- [Data shown]
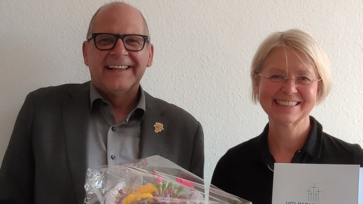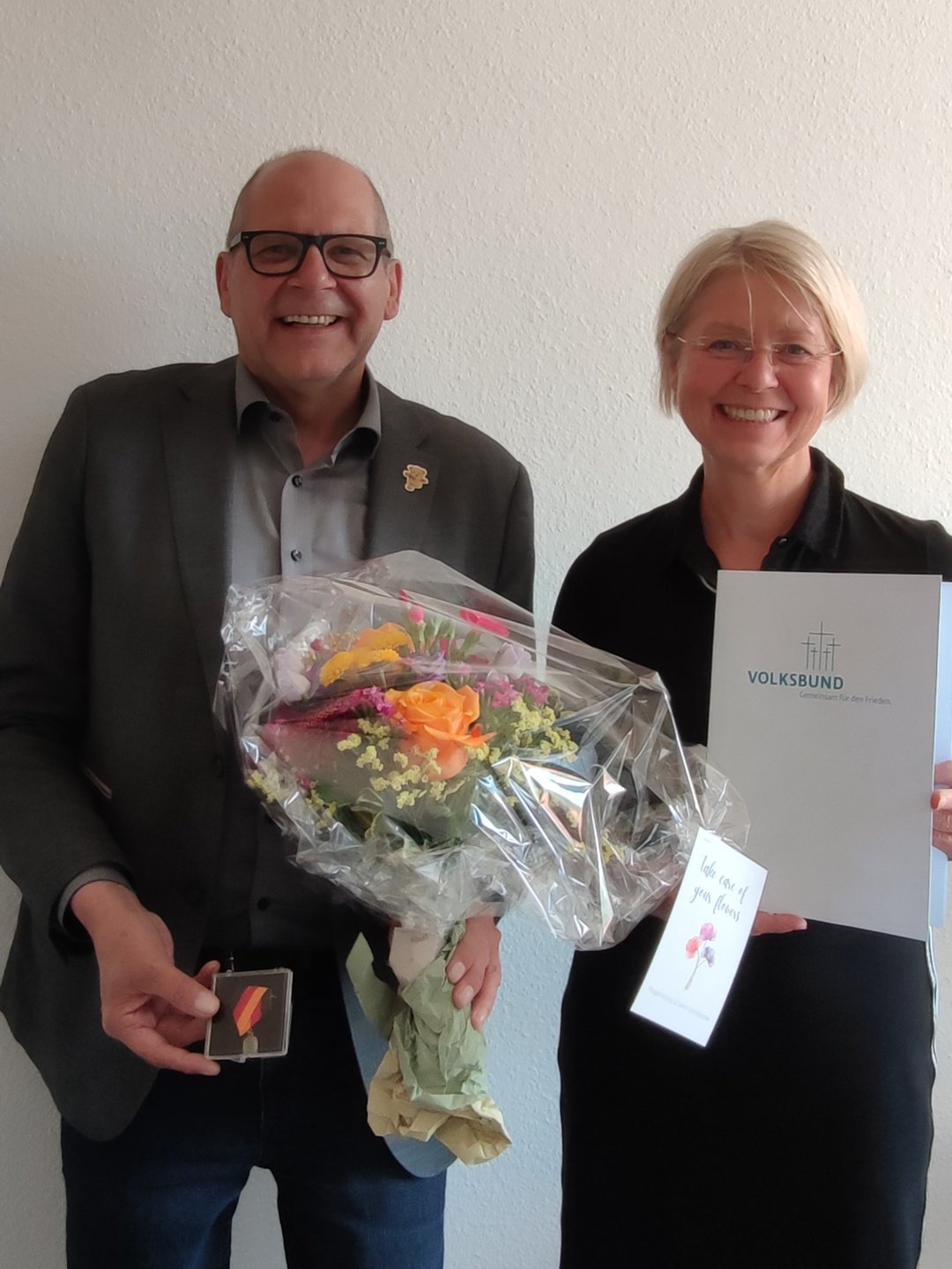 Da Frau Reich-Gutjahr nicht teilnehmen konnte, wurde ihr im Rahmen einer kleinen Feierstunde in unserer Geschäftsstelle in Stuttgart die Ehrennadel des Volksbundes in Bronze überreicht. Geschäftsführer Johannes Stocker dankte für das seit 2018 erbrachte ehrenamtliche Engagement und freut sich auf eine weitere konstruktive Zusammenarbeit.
--
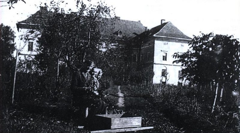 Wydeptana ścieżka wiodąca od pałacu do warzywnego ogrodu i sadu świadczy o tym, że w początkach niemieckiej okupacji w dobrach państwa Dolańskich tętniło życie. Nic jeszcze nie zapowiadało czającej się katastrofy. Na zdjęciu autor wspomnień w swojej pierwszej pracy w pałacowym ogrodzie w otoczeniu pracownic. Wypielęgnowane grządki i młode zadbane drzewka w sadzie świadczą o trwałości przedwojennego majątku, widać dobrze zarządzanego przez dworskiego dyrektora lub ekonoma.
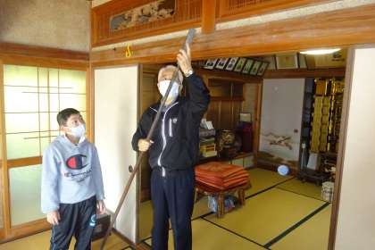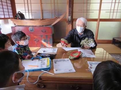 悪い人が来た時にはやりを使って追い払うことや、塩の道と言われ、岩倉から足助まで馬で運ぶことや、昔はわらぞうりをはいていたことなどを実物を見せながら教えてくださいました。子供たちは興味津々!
...
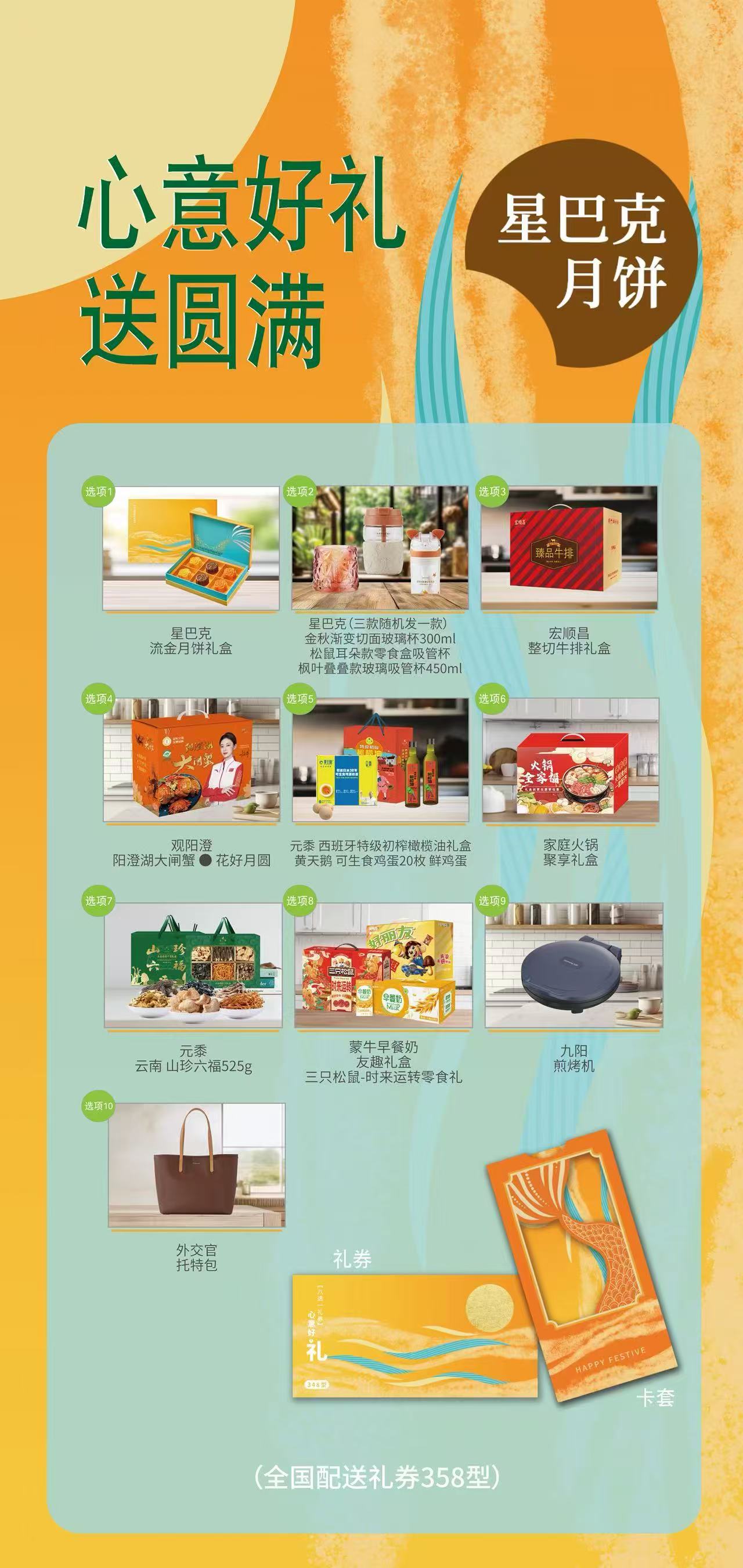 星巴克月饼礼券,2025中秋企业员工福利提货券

- [Aim of the task]
Above are the records; copy from them only the lines starting at the one containing "Wydeptana ścieżka wiodąca" and ending at the one containing "悪い人が来た時にはやりを使っ", exactly and without pictures.

- [Exercise answer]
 Wydeptana ścieżka wiodąca od pałacu do warzywnego ogrodu i sadu świadczy o tym, że w początkach niemieckiej okupacji w dobrach państwa Dolańskich tętniło życie. Nic jeszcze nie zapowiadało czającej się katastrofy. Na zdjęciu autor wspomnień w swojej pierwszej pracy w pałacowym ogrodzie w otoczeniu pracownic. Wypielęgnowane grządki i młode zadbane drzewka w sadzie świadczą o trwałości przedwojennego majątku, widać dobrze zarządzanego przez dworskiego dyrektora lub ekonoma.
 悪い人が来た時にはやりを使って追い払うことや、塩の道と言われ、岩倉から足助まで馬で運ぶことや、昔はわらぞうりをはいていたことなどを実物を見せながら教えてくださいました。子供たちは興味津々!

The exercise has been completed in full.